Plaintiffs argued at the hearing that affirming the BIA's action in this case risks creating tension with Allery's holding. Not so. Allery is different from this case for a number of reasons, but the one that matters most is that in Allery the court reviewed the BIA's application of a federal statute; in contrast, the Court here reviews (for reasonableness) the BIA's review of the Tribe's interpretation of their own law, for which the Bureau has a long-standing policy of deference.16 The difference in procedural posture is no mere technicality. Allery subjected the Bureau's action to exacting scrutiny. Here the Court's standard of review is highly deferential.

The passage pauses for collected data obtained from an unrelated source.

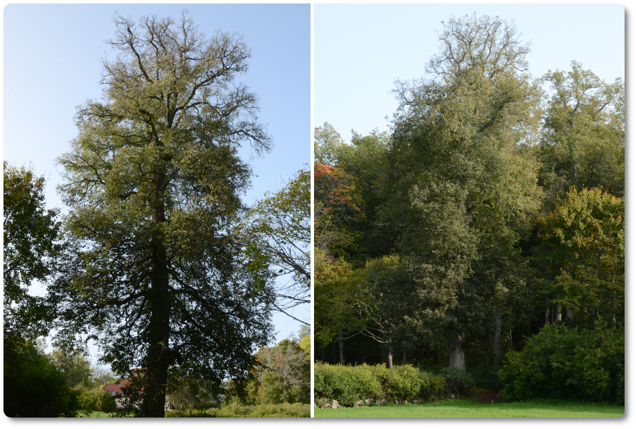 Oktober, 2023. Vid vägen mot skolbyggnaden växer en mycket stor poppel, som har fotograferats från två håll.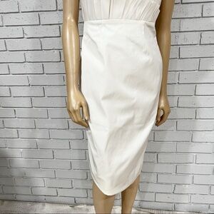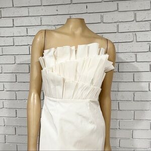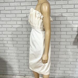 This modern midi dress was named for renowned architect Frank Gehry, a nod to its strikingly architectural pleated bodice. Its micro-ribbed faille fabric combines structure and stretch, molding to the body while ensuring the intricate pleating remains crisp. Beneath the bodice, a corset creates a flawless fit. Dress color is ivory.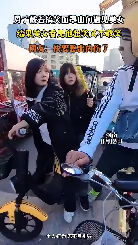 男子戴着搞笑面罩出门遇见美女,结果美女看见他想笑又不敢笑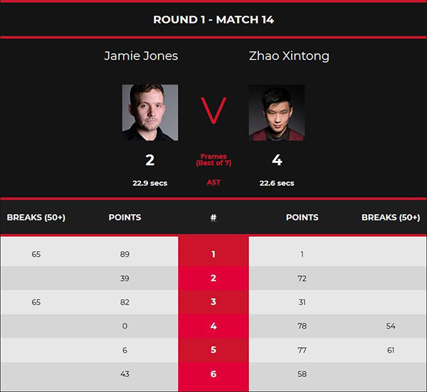 比赛首局,琼斯打出单杆65分,以89比1给赵心童来了个下马威,第二局,琼斯防守中多次漏球,赵心童几番上手之后,以72比39扳平比分,第三局,琼斯再次打出单杆65分将比分改写成2比1,这也是他本场比赛的最后一次领先,随后进入了赵心童的表演时间,第四局,赵心童单杆轰出54分,以78比0追平比分。第五局,赵心童持续火热手感,凭借单杆61分再下一城,以3比2的比分率先拿到赛点,第六局,赵心童再接再厉,多次上手以58比43赢下,从而以4比2的总比分击败琼斯,顺利晋级16强。
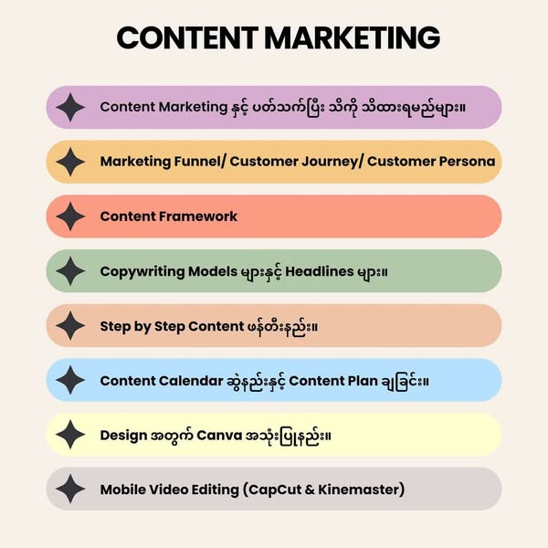 搜索关键词 Social Media Marketing, Facebook Ads, TikTok Marketing, Content Marketing, Digital Products Reselling, Myanmar, Telegram Ads, Online Business, Earn Money Online, Marketing Course优势 Comprehensive social media marketing training,Covers Facebook, TikTok, and Telegram,Includes digital product reselling strategies,Money-back guarantee,Lifetime access to course materials and updates,Provides access to a private group with hotline support.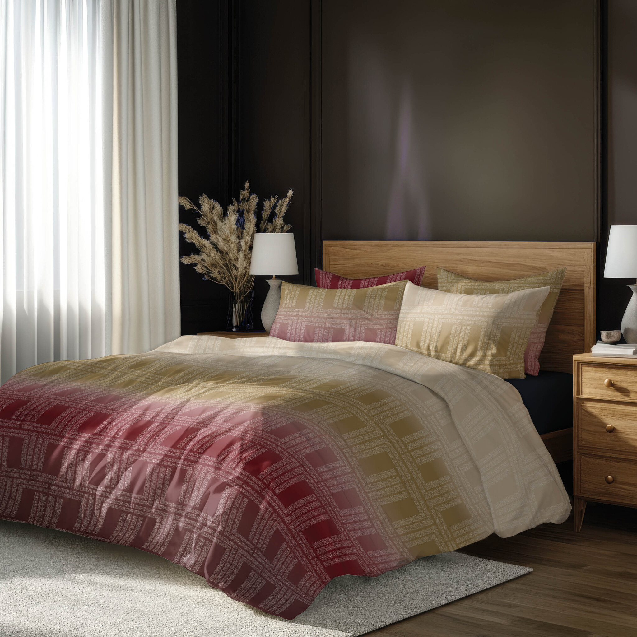 Dekbedovertrek Albenga Bordo/Goud - Katoensatijn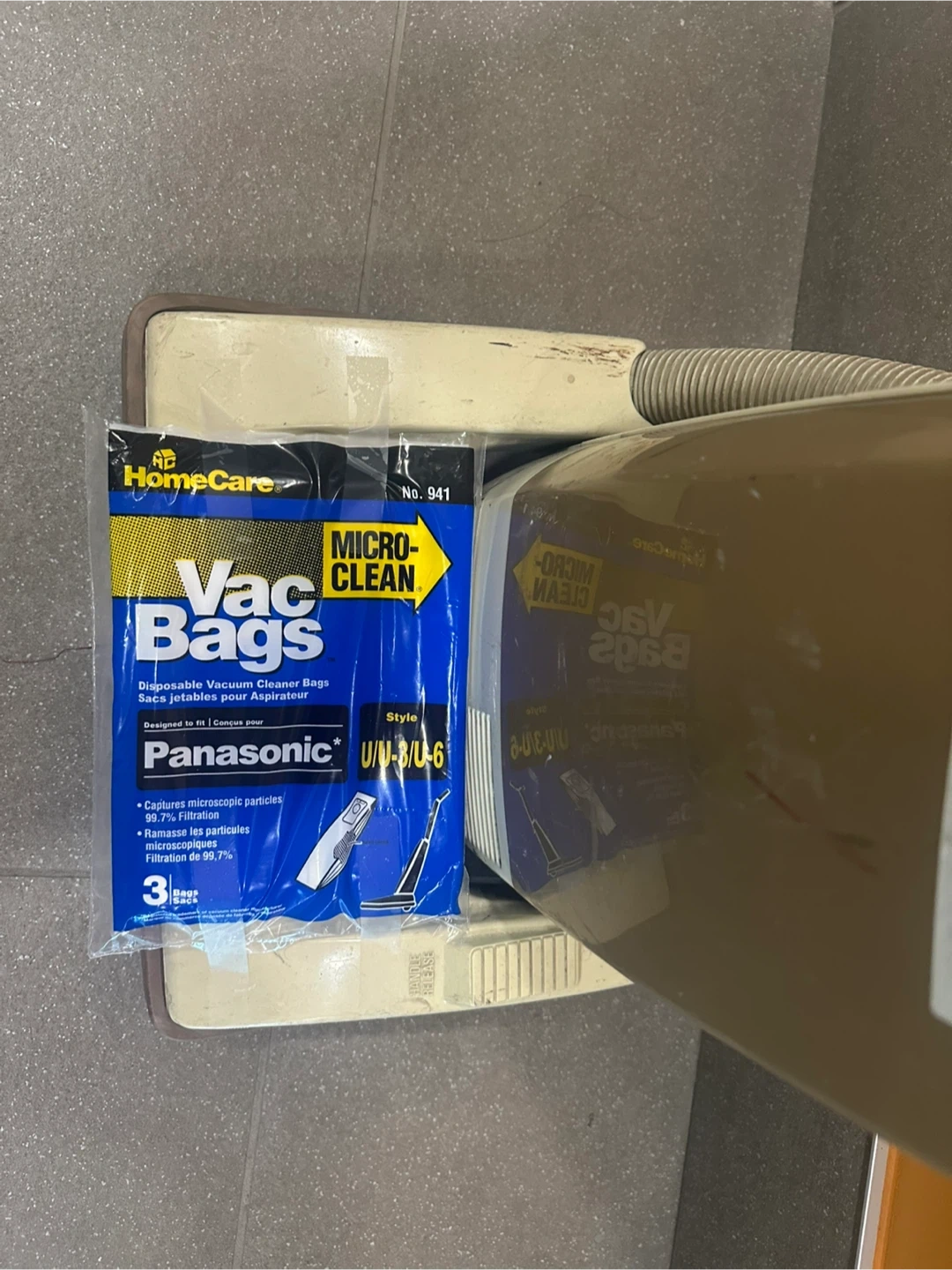 Selling a Panasonic MC-811 vacuum cleaner. It comes with HomeCare Vac Bags that are micro-clean and designed for Panasonic U-3/U-6 models. The bag captures microscopic particles and removes dust effectively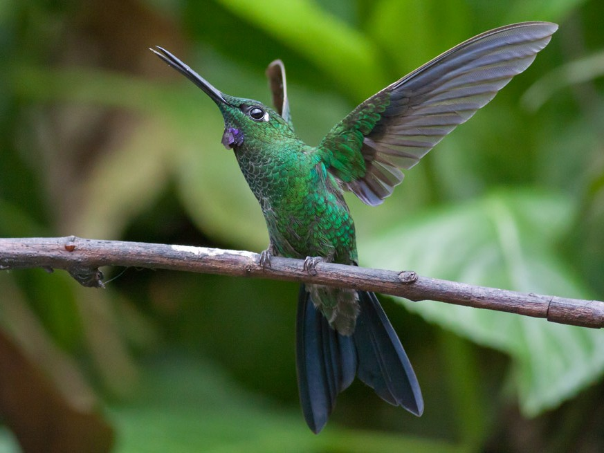 The green-crowned brilliant (Heliodoxa jacula) is a large, robust hummingbird that is a resident breeder in the highlands from Costa Rica to western Ecuador. The male Green-crowned brilliant is 13 cm (5.1 in) long and weighs 9.5 g (0.34 oz). It is mainly bronze-green with a glittering green crown, forehead, throat, and breast. It has a white spot behind the eye, a small violet-blue throat patch, white thighs, and a deeply forked blue-black tail.

And, in addition, the BIA treads lightly when reviewing any tribe's interpretation of its own membership laws — especially when the Bureau has no clear standard upon which to base its decision.

In the absence of a clear directive in the SYB Articles that blood degree of prospective members should be determined based only on the blood degree of an ancestor as listed on the 1940 Census, the Court declines to second guess the Bureau's reasonable decision to apply SYB law in the same manner in which the Tribe applied it.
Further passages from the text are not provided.